Statistics at the time showed that 869 people were Chinese in the camps, with the largest camps in Narrandera,Wagga Wagga,Deniliquin,Hay and Albury.


Chinese may not know that the 2018 Spring Festival is the 200-year anniversary of Chinese immigrants to Australia! this time in 1818, Australia officially 'appeared' the first Chinese!

Describe the camp life in Narrendera


The number of Chinese students studying abroad in Australia is more and less male and female, which is the opposite of what it used to be. Gold mining is hard physical work, so there must be more men, it is said that more than 10,000 men, there are less than 100 women. (girls, we`re not in time for this.)

The Chinese people have never had a hard-working heart and an aggressive heart. Anyway, they run wherever they have the chance, first to Victoria, then to Queensland, then to Northern Territory and Tower State. Chinese people go to gold mining or farm mines to do all kinds of manual labor. And then it wasn`t just the workers at the bottom. So did the Chinese entrepreneurs, who came to Australia to invest and bring things back to China. After the mining industry did not make so much money, they turned to the farm, ranch, fishing ground. So it`s not just now, since a long time ago, the Chinese workforce has made a big contribution to Australia, especially in the northern territories and northern Queensland.

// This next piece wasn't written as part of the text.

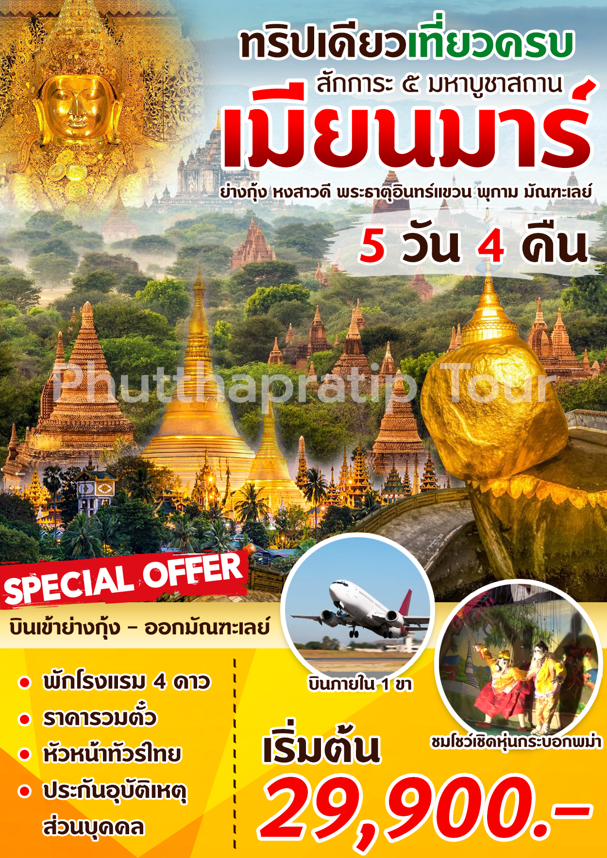 | วันที่ 5 | พระมหามัยมุณี - เมืองอมรปุระ - สะพานใม้อูเป็ง - ทะเลสาบตองตามัน - วัดมหากันตายง - สนามบินดอนเมือง |

Chinese may not know that the 2018 Spring Festival is the 200-year anniversary of Chinese immigrants to Australia! this time in 1818, Australia officially 'appeared' the first Chinese!

The job ad at the time


There was a steady increase in the number of Chinese in Australia until the mid-late 19th century, as the number of Chinese residents declined as a result of the internal situation in China and some contradictions in Australia.

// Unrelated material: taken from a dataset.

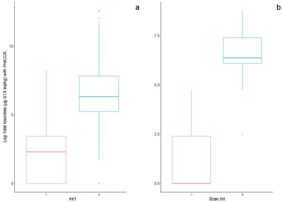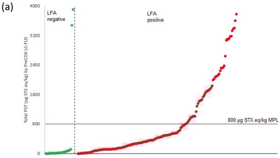 Previous work also illustrated a logarithmic correlation between LFA scan number and total PST concentrations determined by PreCOX LC-FLD, with scan numbers < 0.3 equating to toxicities above the MPL [98]. Such a relationship was also evident overall in this study (Figure 8b). However, three samples, two scallops and one mussel, with total PST higher than twice the MPL, returned scan values > 0.3, making use of the semi-quantitative aspect of the scanner more risky. Overall, therefore, use of the Scotia LFA would be useful for reducing the number of quantitative confirmatory analyses required, particularly as a product batch test, but a fully validated quantitative assessment using an appropriate method would still be required for regulatory testing, noting the risks resulting from a high proportion of false-positive and the potential for occasional false-negative LFA results in samples with significant toxin loads.
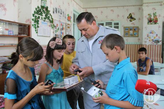 Головний міліціонер Чернігівщини зустрівся з учнями Петрівської школи Бобровицького району аби особисто вручити їм мобільні телефони за неоціненну допомогу слідству в розкритті скоєного в селі вбивства.

In the first half of the 20th century, Australia`s "White Australia Policy" blocked the dream of many Chinese emigrating to Australia. In the 1960s and 1970s, the policy was relaxed step by step, but the number of Chinese immigrants did not increase significantly. It wasn`t until the late 1980s that Australia`s immigration from China grew, not to mention now.

There are still 1.2% of Wagga residents of Chinese ancestry, John Xie is one of them, but he did not live in this place since childhood, but moved from China to New Zealand and then moved to Brisbane, and finally settled in Wagga Wagga. because of his job.

Chinese may not know that the 2018 Spring Festival is the 200-year anniversary of Chinese immigrants to Australia! this time in 1818, Australia officially 'appeared' the first Chinese!

John Xie


He says few people know about the history of Chinese in Wagga, where Riverina has just built a 200-year-old monument to Museum of Chinese Australian History,. Even when he arrived by chance, he learned that the original history of the Chinese Australians was recorded here.

This article cannot detail all the experiences of the Chinese in Australia, but at least we know that we have a long history with this land. Speaking of not afraid of pride, in Australia`s 400-odd-year history, the figure of the Chinese has also appeared for at least 200 years. It is no wonder that Siddah and the principal of UNSW are going to pay homage to us in China for a year. I wonder if this has reduced the sense of loss of "Australian left-behind children"?